**ASSIGNMENT**. In the listing below, locate the line with "Generic - سالوبيت" and the line with "Dobry Wieczór, Kurjer", then output both and everything between them exactly, minus any pictures.

*** PROVIDED RECORDS Section Begins ***

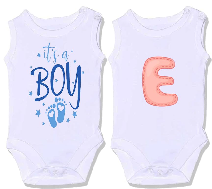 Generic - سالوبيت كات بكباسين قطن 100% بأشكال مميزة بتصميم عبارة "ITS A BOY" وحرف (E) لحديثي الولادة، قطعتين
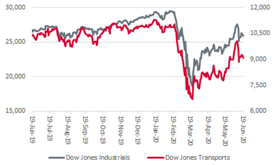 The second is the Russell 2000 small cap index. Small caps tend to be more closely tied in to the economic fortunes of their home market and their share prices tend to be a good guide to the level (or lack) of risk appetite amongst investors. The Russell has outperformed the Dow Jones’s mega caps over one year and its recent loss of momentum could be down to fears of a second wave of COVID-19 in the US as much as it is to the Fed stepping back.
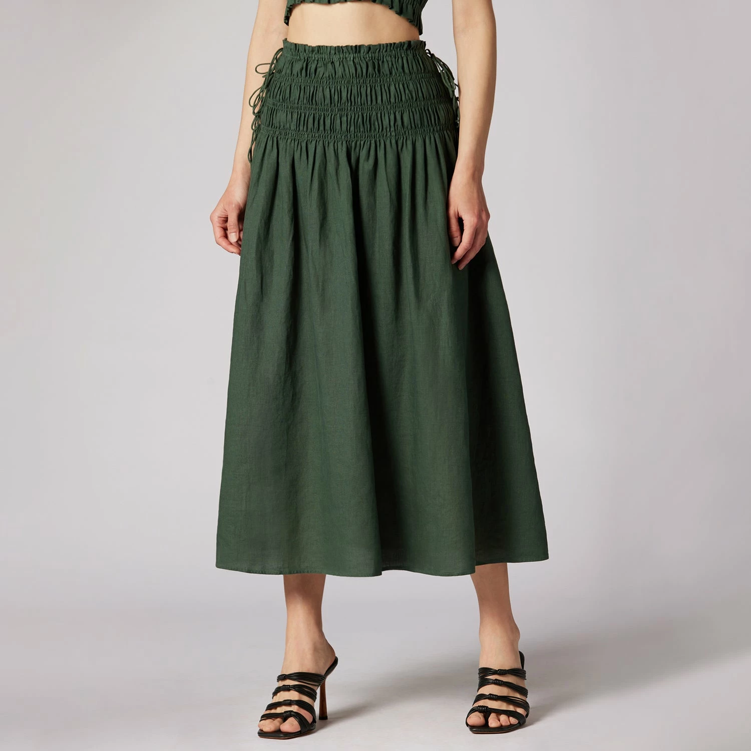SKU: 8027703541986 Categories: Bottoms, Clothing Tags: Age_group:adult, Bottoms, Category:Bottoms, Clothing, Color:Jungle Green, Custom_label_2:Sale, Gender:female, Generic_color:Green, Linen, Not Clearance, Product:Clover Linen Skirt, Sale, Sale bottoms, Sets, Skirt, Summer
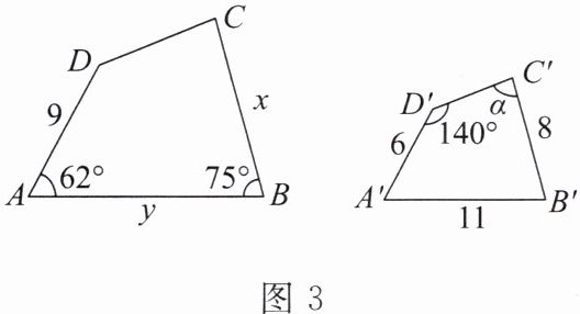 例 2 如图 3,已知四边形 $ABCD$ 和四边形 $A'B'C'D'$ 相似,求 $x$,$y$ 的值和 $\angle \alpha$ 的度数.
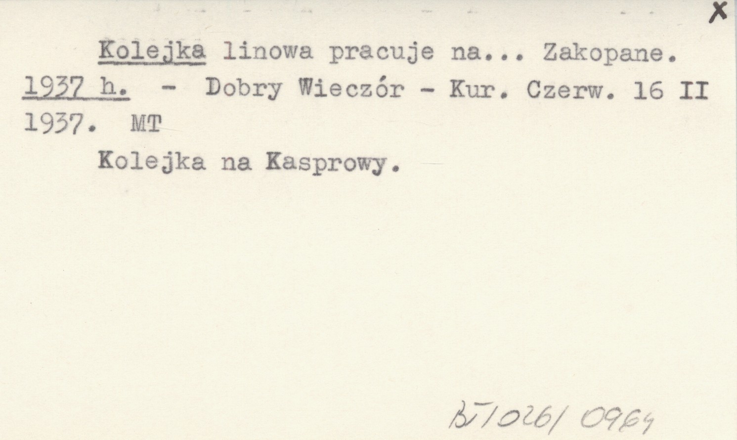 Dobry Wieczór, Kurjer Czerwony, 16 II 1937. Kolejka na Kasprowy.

*** PROVIDED RECORDS Section Ends ***
*** PROVIDED RECORDS Section Begins ***

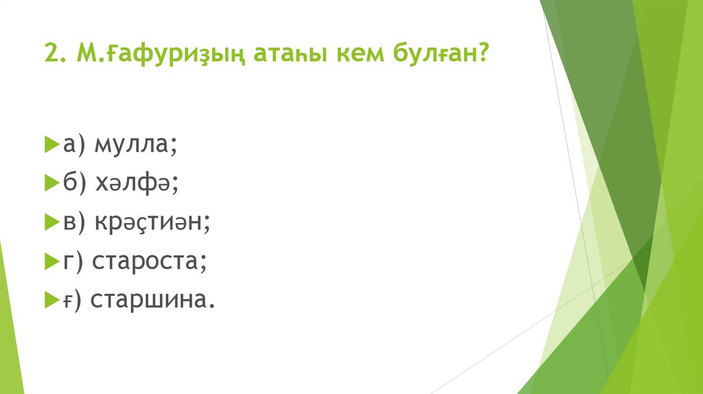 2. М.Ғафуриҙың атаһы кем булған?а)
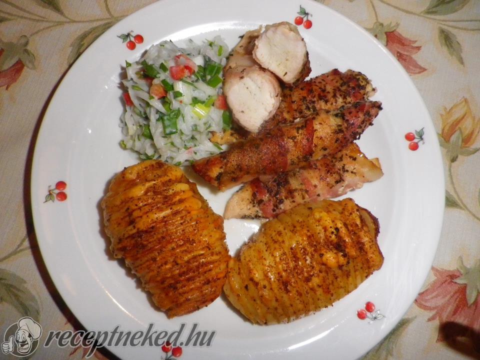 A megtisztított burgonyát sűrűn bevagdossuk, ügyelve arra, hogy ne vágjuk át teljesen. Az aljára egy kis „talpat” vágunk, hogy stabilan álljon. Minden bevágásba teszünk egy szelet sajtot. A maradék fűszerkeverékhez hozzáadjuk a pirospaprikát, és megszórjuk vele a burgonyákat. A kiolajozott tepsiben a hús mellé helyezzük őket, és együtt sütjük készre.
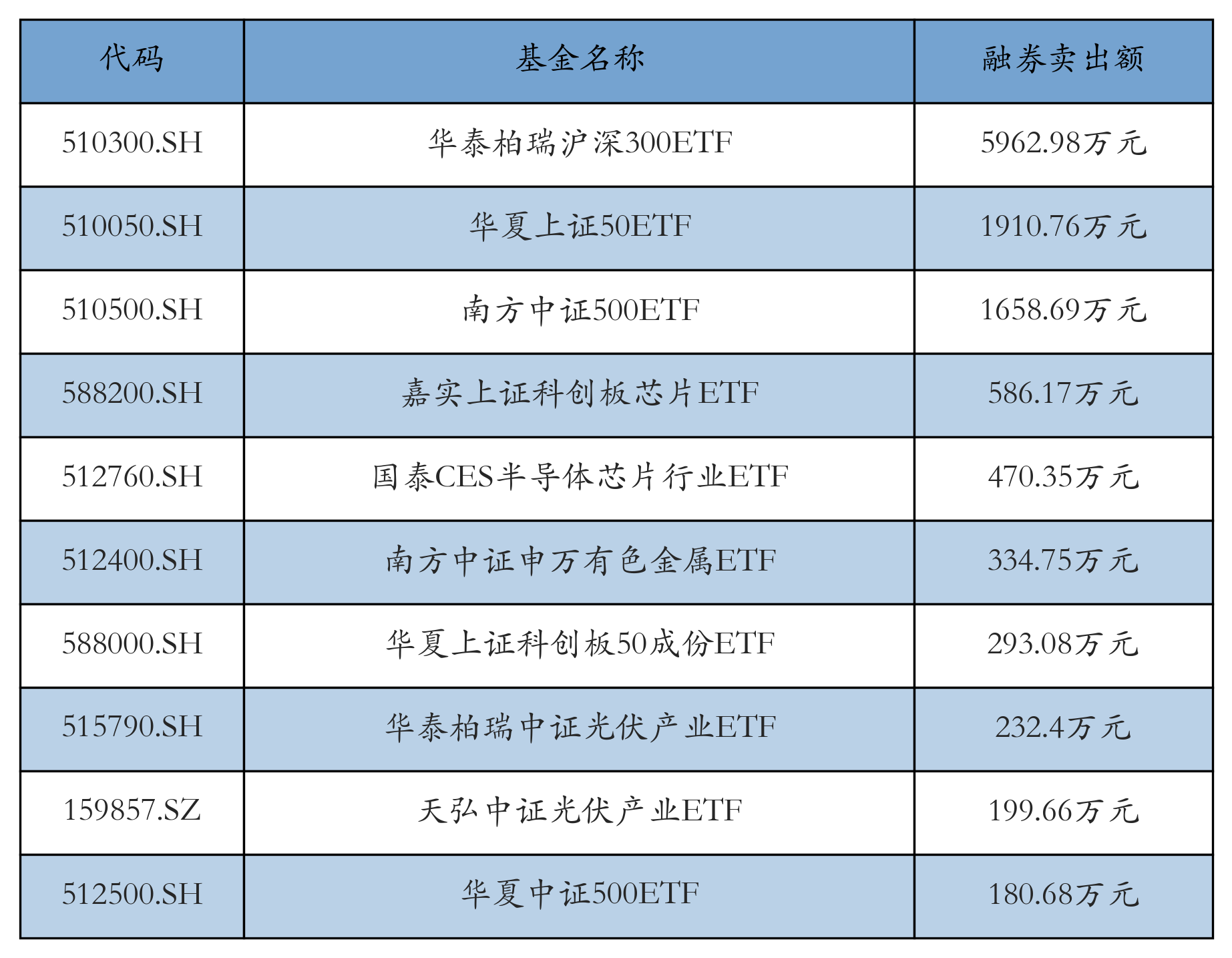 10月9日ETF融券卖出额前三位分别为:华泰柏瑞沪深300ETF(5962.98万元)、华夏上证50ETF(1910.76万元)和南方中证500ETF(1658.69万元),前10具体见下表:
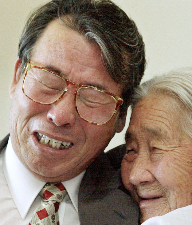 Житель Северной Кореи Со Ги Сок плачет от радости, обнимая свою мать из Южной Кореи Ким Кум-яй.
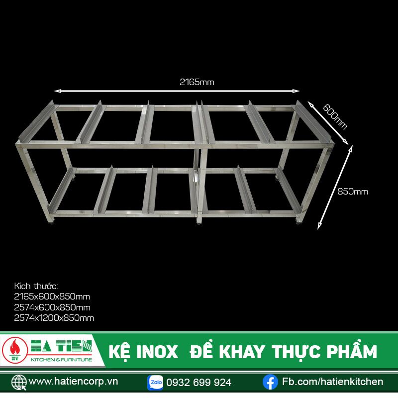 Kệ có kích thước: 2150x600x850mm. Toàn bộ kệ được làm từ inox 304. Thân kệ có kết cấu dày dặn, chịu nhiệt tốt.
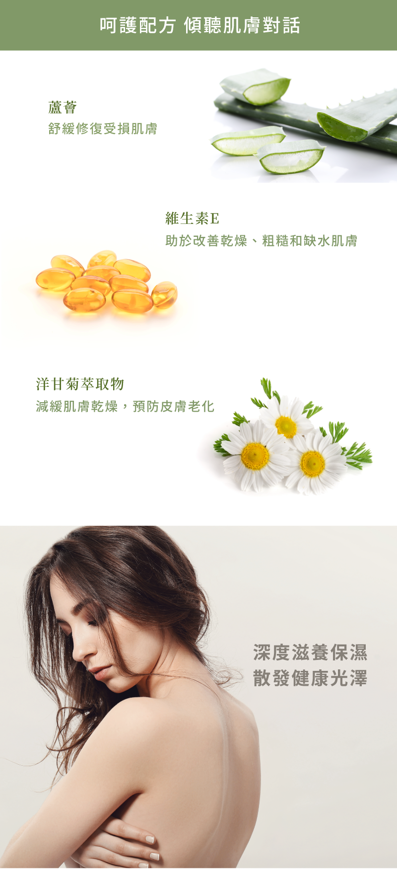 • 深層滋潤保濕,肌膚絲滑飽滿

*** PROVIDED RECORDS Section Ends ***

**RESPONSE**.
 Generic - سالوبيت كات بكباسين قطن 100% بأشكال مميزة بتصميم عبارة "ITS A BOY" وحرف (E) لحديثي الولادة، قطعتين
 The second is the Russell 2000 small cap index. Small caps tend to be more closely tied in to the economic fortunes of their home market and their share prices tend to be a good guide to the level (or lack) of risk appetite amongst investors. The Russell has outperformed the Dow Jones’s mega caps over one year and its recent loss of momentum could be down to fears of a second wave of COVID-19 in the US as much as it is to the Fed stepping back.
SKU: 8027703541986 Categories: Bottoms, Clothing Tags: Age_group:adult, Bottoms, Category:Bottoms, Clothing, Color:Jungle Green, Custom_label_2:Sale, Gender:female, Generic_color:Green, Linen, Not Clearance, Product:Clover Linen Skirt, Sale, Sale bottoms, Sets, Skirt, Summer
 例 2 如图 3,已知四边形 $ABCD$ 和四边形 $A'B'C'D'$ 相似,求 $x$,$y$ 的值和 $\angle \alpha$ 的度数.
 Dobry Wieczór, Kurjer Czerwony, 16 II 1937. Kolejka na Kasprowy.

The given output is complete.